- [Record extracts]
--- START ---

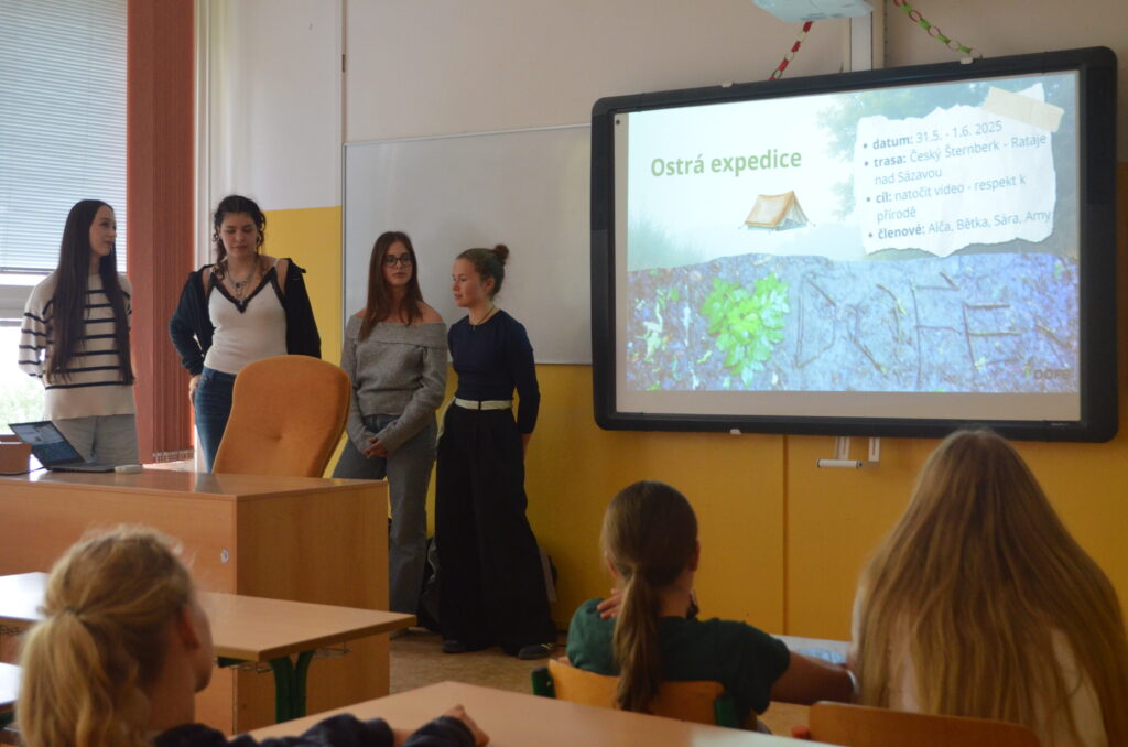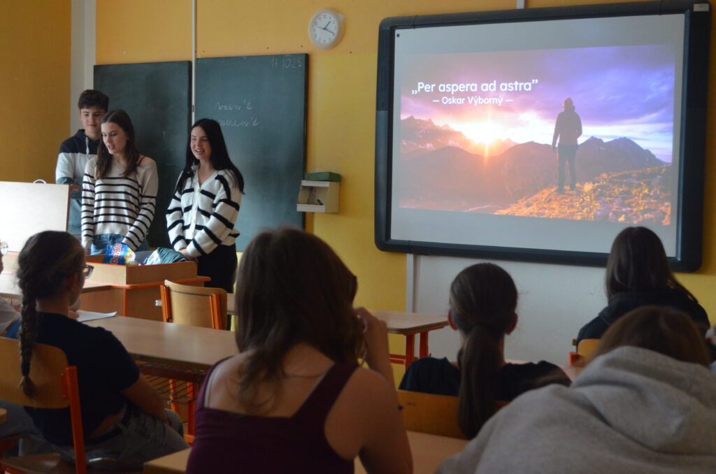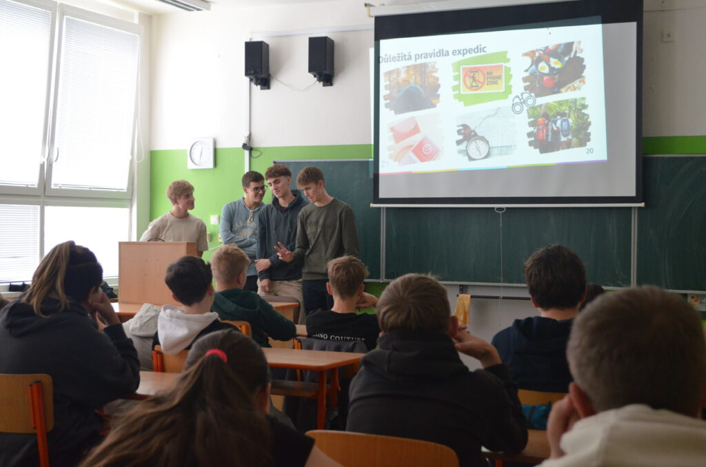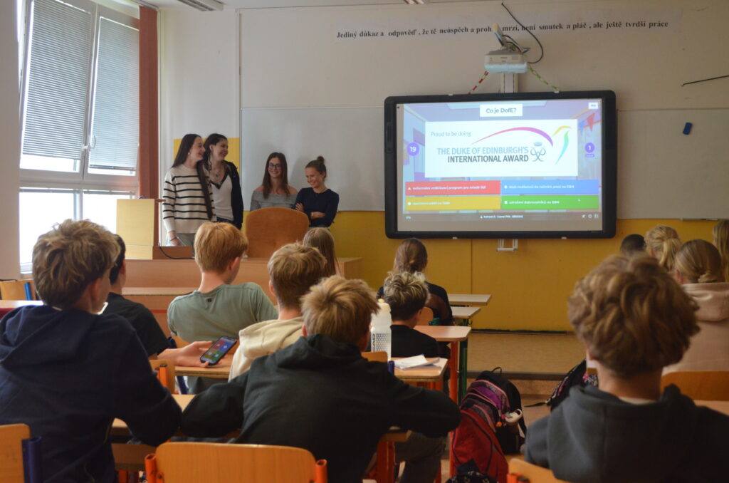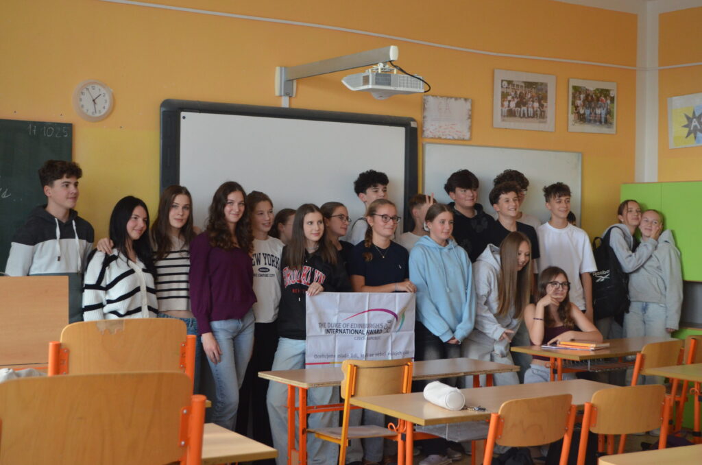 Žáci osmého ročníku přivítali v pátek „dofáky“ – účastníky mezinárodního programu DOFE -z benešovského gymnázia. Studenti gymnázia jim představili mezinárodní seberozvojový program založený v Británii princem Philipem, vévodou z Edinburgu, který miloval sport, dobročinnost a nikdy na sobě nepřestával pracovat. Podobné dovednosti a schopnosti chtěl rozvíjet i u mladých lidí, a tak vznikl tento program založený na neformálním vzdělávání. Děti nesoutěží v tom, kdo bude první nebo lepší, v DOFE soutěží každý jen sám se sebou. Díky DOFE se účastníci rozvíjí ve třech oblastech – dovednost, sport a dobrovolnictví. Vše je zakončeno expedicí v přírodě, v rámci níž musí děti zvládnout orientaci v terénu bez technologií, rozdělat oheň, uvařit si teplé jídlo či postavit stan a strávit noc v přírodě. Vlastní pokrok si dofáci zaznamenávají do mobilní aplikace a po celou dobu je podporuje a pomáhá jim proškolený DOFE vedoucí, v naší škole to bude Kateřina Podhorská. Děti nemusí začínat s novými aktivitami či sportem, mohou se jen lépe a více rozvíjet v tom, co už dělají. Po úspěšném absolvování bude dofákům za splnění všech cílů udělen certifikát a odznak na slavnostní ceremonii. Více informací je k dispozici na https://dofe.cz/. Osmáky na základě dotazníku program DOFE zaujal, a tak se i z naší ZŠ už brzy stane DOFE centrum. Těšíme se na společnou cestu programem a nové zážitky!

--- END ---
--- START ---

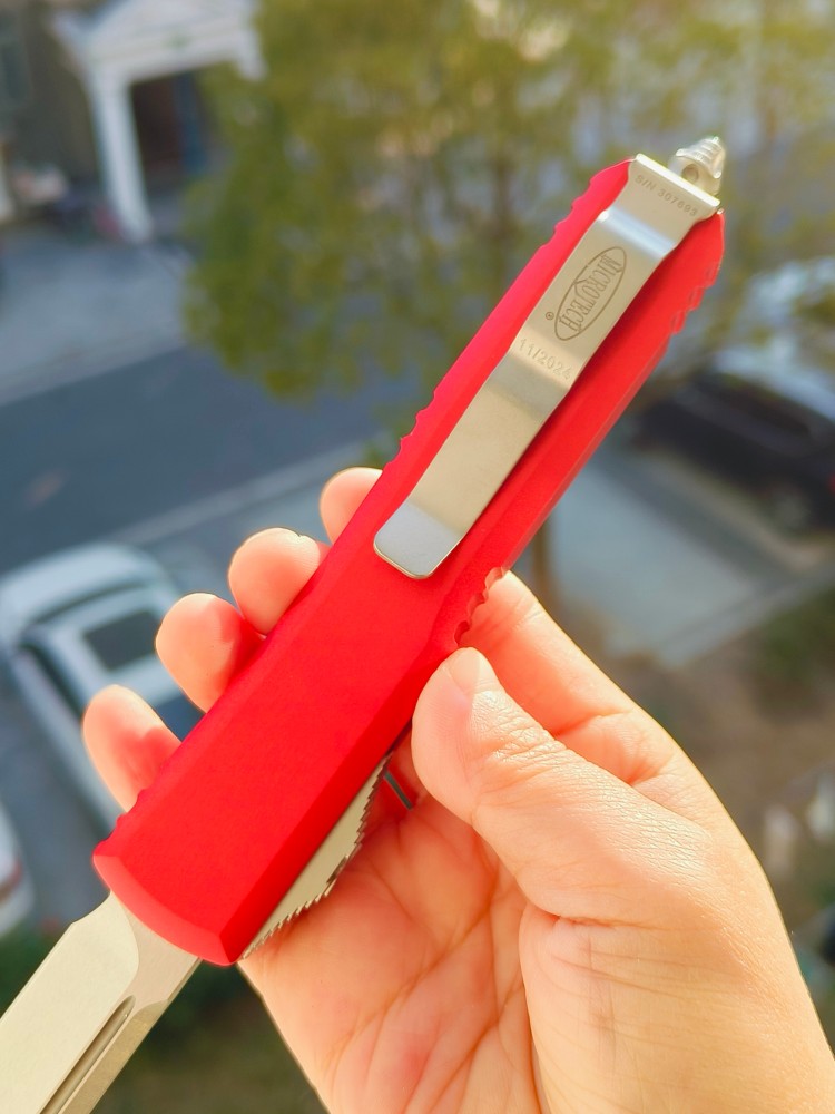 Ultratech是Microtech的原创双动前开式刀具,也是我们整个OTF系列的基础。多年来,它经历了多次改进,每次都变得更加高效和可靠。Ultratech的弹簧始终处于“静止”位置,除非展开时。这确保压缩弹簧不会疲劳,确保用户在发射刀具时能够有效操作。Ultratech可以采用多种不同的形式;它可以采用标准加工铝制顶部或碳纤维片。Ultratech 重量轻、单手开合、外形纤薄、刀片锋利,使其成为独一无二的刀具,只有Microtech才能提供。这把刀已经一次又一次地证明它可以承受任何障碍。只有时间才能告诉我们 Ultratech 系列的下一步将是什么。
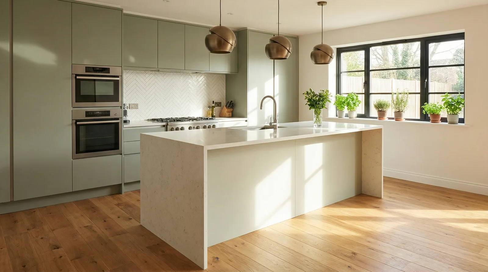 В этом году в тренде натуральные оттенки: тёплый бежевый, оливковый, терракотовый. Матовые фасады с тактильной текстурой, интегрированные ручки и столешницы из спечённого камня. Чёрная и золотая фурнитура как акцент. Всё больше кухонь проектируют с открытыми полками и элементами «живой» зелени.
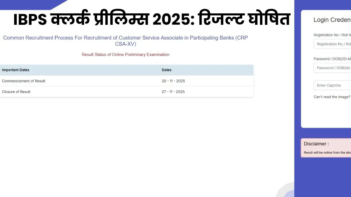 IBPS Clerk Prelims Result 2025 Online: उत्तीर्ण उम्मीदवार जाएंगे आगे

--- END ---

- [Aim of the task]
Extract the part of the records that opens with the line containing "В этом году" and closes with the line containing "IBPS Clerk Prelims". Take only those lines, exactly, and no pictures.

- [Final answer]
 В этом году в тренде натуральные оттенки: тёплый бежевый, оливковый, терракотовый. Матовые фасады с тактильной текстурой, интегрированные ручки и столешницы из спечённого камня. Чёрная и золотая фурнитура как акцент. Всё больше кухонь проектируют с открытыми полками и элементами «живой» зелени.
 IBPS Clerk Prelims Result 2025 Online: उत्तीर्ण उम्मीदवार जाएंगे आगे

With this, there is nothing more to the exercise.